Australian Coal Consumption
Does this look like the future to you? Coal coal coal? Certainly a major contributing factor to Australia’s miserable performance in the The Climate Change Performance Index 2014. Only 4 countries of the top 58 global emitters fall behind Australia (Canada, Iran, Kazakhstan and Saudi Arabia).

Can you spot the difference?

I subsequently found a possibly even more depressing account of the state of the Australian environmental system when I stumbled upon this:

Australia renewables sector

Since 2010-11 the situation hasn’t improved vastly. Certainly not under the present government. You can read about my brief comparative analysis of the wind development situation in Victoria and Denmark in a blog post earlier this month. There are of course some good news stories in terms of solar since this time, so I hope if I were to find an updated version of the graph above I would see a rise in the renewable development percentage again.

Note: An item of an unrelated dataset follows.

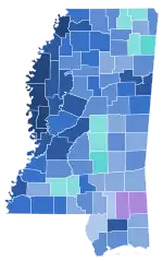 ![]() ![]() Wright: 30–40% 40–50% 50–60% 60–70% 70–80% 80–90% 100% Johnson: 40–50% 50–60% Byrd: 40–50% | |||||||||||||||||||||
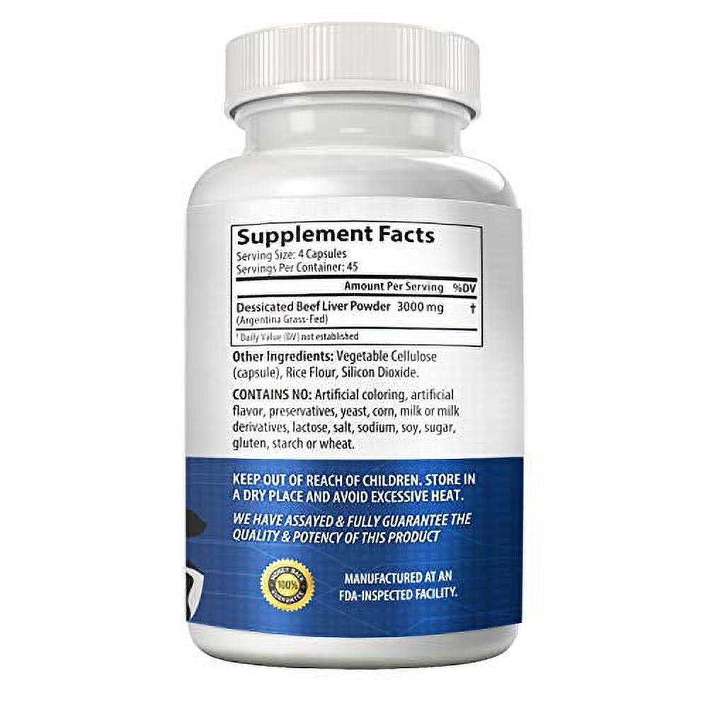 NASA Beahava Grass Fed Beef Liver (Desiccated) - 180 Capsules - Argentine Pasture-Raised Beef Liver Pills - 3000Mg Supplement Powder per Serving - Natural Iron, B12, Vitamin a for Energy - N is backordered and will ship as soon as it is back in stock.

The Australian coal mining industry has been kidding itself for a long time about it’s poor environmental record. The nature of their advertising affirms this. Slogans like ‘Coal Hard Facts’ from the Minerals Council of Australia. Or how about their report on ‘Power to the People’ also referring exclusively to fossil fuels. As though they had won some kind of popularity contest.

To understand the current policy of the Abbott government you don’t need to look any further than his comments whilst opening a new coal mine in Queensland.

“coal is good for humanity”

“It is a great day for the world” (whilst opening the Caval Ridge coalmine.

“The future for coal is bright and it is the responsibility for government to try to ensure that we are there making it easier for everyone wanting to have a go.”

“I regard myself as a conservationist.”